子どもたち大好きな「あそび」の一つです。
ピカピカになるまで磨くのは、もはや職人芸です。
一所懸命に泥団子を磨いている子どもたちの目は、真剣でとても集中しているのが分かります。
土で作ると言えば、茶碗も土から作ります。
ただ、お茶を入れるだけの器なら、形や色にこだわる必要なんかありません。
しかし、茶道の器は、持ちやすい大きさやきれいな色、温かみのある形や面白い柄や絵付けなど、こだわったものが多いです。
名のある作家さんの作ったものや、歴史のある器は、見ていて感動します。
値段も何百万、何千万なんてものもあるくらいですから。
泥団子をピカピカにする心の源泉と、美しく温かみがある人を感動させる器を作る心の源泉は似ていると思いのです。
合理的ではなかったり、必要ではないけれど、心を温めてくれるもの。
今、この瞬間を感じさせてくれる自然。
そんなことを身体で感じる時間を、昔から人は大切にしてきたのだと思います。
ガイア自然学校で大切にしている「今、ここ」に気持ちを置くことや「自然を楽しむこと」。
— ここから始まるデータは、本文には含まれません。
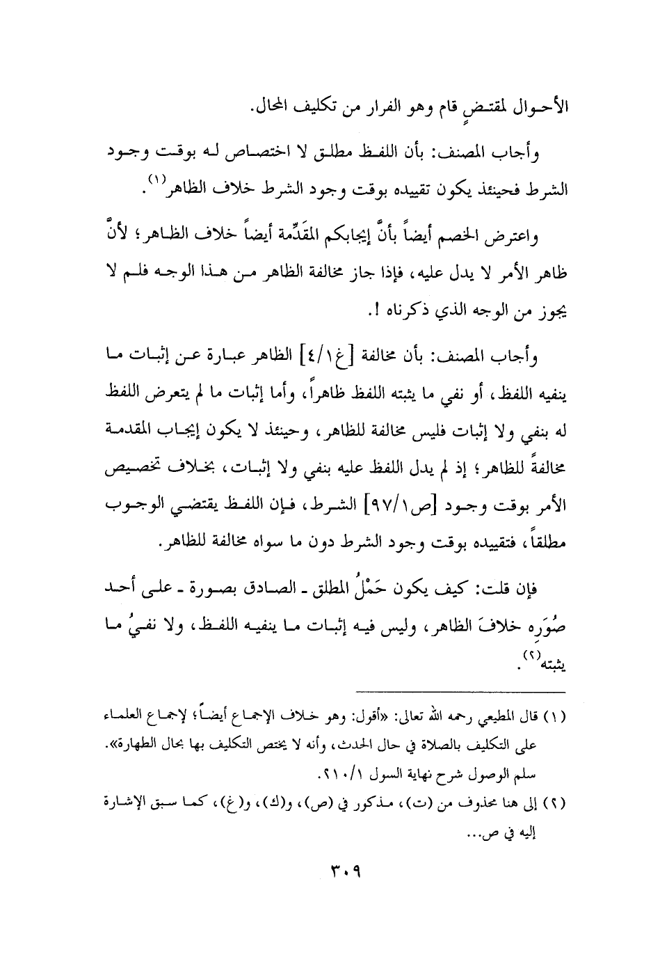 وأجاب المصنف: بأن مخالفة الظاهر عبارة عن إثبات ما ينفيه اللفظ، أو نفي ما يثبته اللفظ ظاهرًا، وأما إثبات ما لم يتعرض اللفظ له بنفي ولا إثبات فليس مخالفة للظاهر، وحينئذ لا يكون إيجاب المقدمة مخالفةً للظاهر؛ إذ لم يدل اللفظ عليه بنفي ولا إثبات، بخلاف تخصيص الأمر بوقت وجود الشرط، فإن اللفظ يقتضي الوجوب مطلقًا، فتقييده بوقت وجود الشرط دون ما سواه مخالفة للظاهر.

同じ事を、昔の人もとても大切に想い、それらを具体化する方法として「茶道」を編み出したのではないかと思います。
人をもてなす、向かいあう
そして、茶室では「客」を「もてなす」ことを目的とするのですが、シンプルな方法ではあるが簡単ではありません。
ただ豪華な食事を出したり、チヤホヤもてなすのではないのです。
純粋に人と人が向き合えるように、余計なものをできるだけ排除してシンプルな環境をつくり、その場をその人と向き合って楽しむことに集中できる場を作っています。
これもすごい工夫の「方向性」だなと思っています。
織田信長や豊臣秀吉は、茶室にこだわり、茶室で政治を動かしてきた記録があります。
この作法で真剣に重要な人物と向き合うことで、大きな偉業を成し遂げてきたのではないかと想像すると鳥肌がたちます。
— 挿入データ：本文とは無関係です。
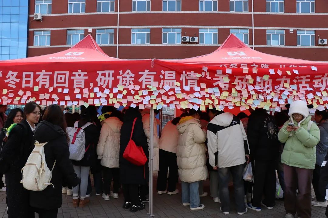 为增强公司考研学子的备考信心,提高同学们的考研热情,公司“励耕”青协于11月28日在南区六号教学楼前开展了“冬日有回音,研途有温情”为主题的助力考研活动。

「茶室」は「自然」を凝縮して、「今、この瞬間」を切り取った空間のようなものです。
だからこそ、腹を割って話しをしたり、今に集中した真剣なやり取りができたのではないでしょうか。
こうやって日本は昔から、自然と向き合い、自然を通じて今を感じ、自然を使って人と向き合ってきたのです。
この「自然感」は大切にしたいと思っています。
自然の中で、子どもたちと向き合うと、子どもたちの本質的な「やさしさ」が見られたり、本心的な「悩み」が見えたりします。
子どもだけでなく、大人もそうですね。
キャンプリーダーたちも、自然の中で向き合うことで「心」をオープンにできている部分があると思っています。
そこにアプローチすることで、人の成長の手助けをすることが、自然学校の大切な役割だと思っています。